Work to complete — What to return is the tail of the data, from the line that contains "5階 L 会議室(125㎡) ■3名掛:72名 ■2名掛:48名" down to the last line, copied exactly.

Supplied records —

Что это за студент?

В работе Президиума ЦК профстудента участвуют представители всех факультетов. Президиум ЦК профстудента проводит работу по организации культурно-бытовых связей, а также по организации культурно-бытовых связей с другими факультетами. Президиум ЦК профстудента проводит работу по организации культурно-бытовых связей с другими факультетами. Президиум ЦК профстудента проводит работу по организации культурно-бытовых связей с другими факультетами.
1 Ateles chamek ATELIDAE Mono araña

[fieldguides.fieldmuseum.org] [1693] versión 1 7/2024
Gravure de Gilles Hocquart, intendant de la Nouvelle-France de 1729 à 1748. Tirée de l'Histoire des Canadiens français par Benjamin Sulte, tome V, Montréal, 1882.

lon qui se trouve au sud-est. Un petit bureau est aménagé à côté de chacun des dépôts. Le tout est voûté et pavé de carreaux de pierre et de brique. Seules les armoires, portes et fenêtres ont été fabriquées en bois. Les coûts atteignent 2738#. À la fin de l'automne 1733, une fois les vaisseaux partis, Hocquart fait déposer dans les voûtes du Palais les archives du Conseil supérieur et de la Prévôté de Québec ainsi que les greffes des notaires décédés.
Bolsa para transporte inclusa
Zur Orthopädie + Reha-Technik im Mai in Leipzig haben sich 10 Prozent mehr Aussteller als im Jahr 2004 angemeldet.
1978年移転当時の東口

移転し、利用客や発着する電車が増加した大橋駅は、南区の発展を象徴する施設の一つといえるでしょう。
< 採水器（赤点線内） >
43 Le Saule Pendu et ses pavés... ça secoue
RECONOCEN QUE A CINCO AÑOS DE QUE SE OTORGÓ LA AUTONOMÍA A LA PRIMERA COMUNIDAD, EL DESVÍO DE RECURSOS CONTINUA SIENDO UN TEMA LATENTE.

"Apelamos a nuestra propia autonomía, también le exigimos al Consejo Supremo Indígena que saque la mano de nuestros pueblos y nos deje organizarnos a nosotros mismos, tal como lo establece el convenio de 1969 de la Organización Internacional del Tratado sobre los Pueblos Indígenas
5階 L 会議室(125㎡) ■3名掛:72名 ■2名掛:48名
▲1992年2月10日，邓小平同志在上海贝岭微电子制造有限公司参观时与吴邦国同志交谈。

Task answer —
5階 L 会議室(125㎡) ■3名掛:72名 ■2名掛:48名
▲1992年2月10日，邓小平同志在上海贝岭微电子制造有限公司参观时与吴邦国同志交谈。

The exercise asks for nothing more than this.